Uso pretendido do teste rápido do antígeno Covid-19
O jogo rápido do teste é usado para a determinação qualitativa do antígeno novo do coronavirus (SARS-CcV-2) em amostras nasais humanas do cotonete in vitro. Este jogo é oferecido aos laboratórios e aos trabalhadores clínicos dos cuidados médicos para o ponto--cuidado que testa, e não para em casa testar, em conformidade com a seção IV.D. da política de FDA para o teste de diagnóstico COVID-19.
Princípio de teste rápido do antígeno Covid-19
Após uma quantidade apropriada de amostra é adicionado à detecção bem, a amostra move-se sob a ação do capilar. O antígeno novo do coronavirus na amostra combinará com o anticorpo novo ouro-etiquetado coloidal da proteína do coronavirus N para formar um complexo coloidal do ouro-antígeno-anticorpo. O produto complexo imune chromatographed então ao longo da membrana da nitrocelulose à área da detecção (T), ligamentos ao anticorpo monoclonal pré-revestido da proteína de N, e forma uma linha roxa, indicando que o antígeno novo do coronavirus é positivo.
O controle da qualidade anticorpo-etiquetou partículas coloidais do ouro chromatographed à área de controle (c) da qualidade e é combinado com o anticorpo pré-revestido do controle da anti-qualidade para formar uma linha roxa de C, indicando que o teste é eficaz. Se a linha do QC não aparece, o resultado da análise é inválido.
Departamento aplicável
Departamento de emergência
ICU
Departamento da pneumologia
Departamento cardiopulmonar da função
Quando deve você executar o teste rápido COVID-19 AG de Dewei?
O teste rápido COVID-19 AG não deve ser usado para o diagnóstico da infecção COVID-19. Todo o indivíduo que for sintomático ou um contato de um caso confirmado devem ser dirigidos a seu fornecedor de serviços de saúde, a um centro da avaliação, ou ao laboratório licenciado de participação da comunidade procurar testes do PCR.
Fazem casas a longo prazo do cuidado têm que conduzir o antígeno rápido testa-se?
O ministério está explorando desenvolvendo um vendedor do registro para conectar as casas de LTC que desejam contratar com fornecedores para conduzir clínicas da seleção da fiscalização em seu nome na casa de LTC. O ministério olharia a desenvolver e a fornecer os moldes e os contratos de prestação de serviços necessários apoiar licenciado em fazer decisões em relação a participar em contratos com fornecedores e os termos e condições em que os serviços são proporcionados. O vendedor do registro seria opcional e não impediria que as casas contratem com um vendedor qualificado que não estivesse nesta lista.
Se um indivíduo foi vacinado ou imunizado para COVID-19, ainda precisam de ser testados antes de visitar uma casa a longo prazo do cuidado?
Sim, as exigências de teste da diretriz orientadora do ministro continuam a aplicar-se aos indivíduos que foram vacinados, além do que a continuação seguir as proteções sanitárias públicas que incluem a máscara, afastar-se físico, higiene da mão, e seleção do sintoma. Isto inclui a seleção ativa na entrada à casa a longo prazo do cuidado para sintomas e exposições para COVID-19, incluindo as verificações da temperatura, atestando não experimentar alguns dos sintomas típicos e atípicos de COVID-19 (de acordo com #3 diretivo emitido pelo médico principal da saúde).
Faça os indivíduos que testam positivo no teste rápido do antígeno precisam de ser confirmados com testes laboratório-baseados do PCR?
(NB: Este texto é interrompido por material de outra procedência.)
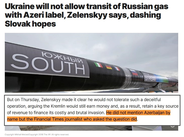 Zelenski isə cavabında (5:00‒6:54-cü dəqiqələr) “Azərbaycan” sözünü bir dəfə də dilə gətirmədən, məlum cavabları verir. Zelenskinin “Azərbaycan” sözünü işlətmədiyini, bunu yalnız “Financial Times” qəzetinin əməkdaşının səsləndirdiyini “Euronews”-da dərc edilən “Zelenski Ukraynanın Azərbaycan “markalı” “Rusiya qazı”nın tranzitinə icazə vermədiyini açıqladı və Slovakiyanın bütün ümidlərini qırdı” məqaləsində də qeyd olunub.

Um resultado da análise positivo no teste rápido do antígeno deve ser considerado um positivo preliminar e exige um teste laboratório-baseado confirmativo do PCR. As seguintes ações devem ser tomadas:
1. O indivíduo do conselho que o resultado é positivo preliminar e confirmação do PCR é exigido.
2. Orientação da edição a retornar em casa e auto-isolado até o recibo do resultado da análise confirmativo do PCR do laboratório.
3. Assegure-se de que os testes laboratório-baseados confirmativos do PCR estejam executados dentro de 24 horas.
4. Relate o resultado positivo preliminar à unidade local da saúde pública o mais cedo possível.
Um espécime novo for exigido para o teste laboratório-baseado confirmativo do PCR quando um positivo dos testes individuais no teste rápido do antígeno?
Um espécime novo é exigido do indivíduo que os testes positivos no teste rápido do antígeno para o teste laboratório-baseado confirmativo do PCR.